L’ incapacité du système politique à résoudre une crise qu’il a lui-même ouverte est mise en sourdine, ensevelie sous la pluie d’éloges faits à Mario Draghi, mais elle pose un sérieux problème démocratique. Derrière l’exaltation constante de la “compétence”, de ce “gouvernement des meilleurs”, se cache la faillite totale de la classe politique italienne, qui a été de fait actée. Avec l’ intervention des technocrates, « l’espace démocratique italien se réduit un peu plus encore », écrit Norma Ranghieri sur Il Manifesto, car un gouvernement d’experts est d’abord le symptôme d’une démocratie en mauvaise santé. D’autant plus qu’en Italie, les technocrates semblent alterner avec les populistes. Le Mouvement 5 Étoiles, la force prépondérante au Parlement, est d’ailleurs l’expression directe d’un malaise monté à partir de 2011, sous le gouvernement d’experts du professeur universitaire Mario Monti.
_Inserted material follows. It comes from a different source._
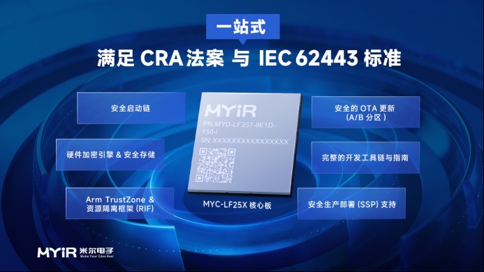 CRA法案要求聯(lián)網(wǎng)產(chǎn)品具備“內(nèi)置安全”、漏洞可管理和更新可持續(xù)的能力。IEC 62443標準,特別是其 IEC 62443-4-2(組件安全要求),則為實現(xiàn)這些目標提供了具體、可落地的技術(shù)框架。MYC-LF25X(米爾STM32MP257核心板)的設(shè)計與生態(tài),直接回應(yīng)了這些核心訴求:

Draghi maître du destin de l’Italie...dans l’attente de la politique ?
L’ancien gouverneur de la Banque d’Italie semble avoir balayé la démagogie et le souverainisme avec sa grande coalition pro-européenne. Pour l’instant. Beaucoup dépendra des choix et des résultats de son gouvernement, notamment en matière de réduction des inégalités, jamais aussi criantes en Italie.Un passage obligé pour Mario Draghi, qui doit composer avec une majorité allant de la gauche progressiste à l’extrême droite xénophobe, mais dont la réussite dépendra essentiellement de sa volonté. Le projet du nouveau Premier Ministre, ainsi que toute décision qu’il prendra, seront en effet éminemment politiques. “Le plus politicien des technocrates” jettera de fait les bases de l’Italie des trente prochaines années, notamment au travers de l’élaboration du plan de relance, en étroite collaboration avec les Ministères de l’Economie, de la Transition énergétique, de la Transition numérique et de l’Éducation, tous gérés par des experts de confiance.
Pour reprendre les mots du directeur de L’Espresso, Marco Damilano, “les politiciens ont laissé la représentation du changement aux technocrates, chargés de reconstruire, prévenir et soigner...dans l’attente de la politique”. Dans l’espoir que, cette fois, elle sera enfin capable de marcher toute seule.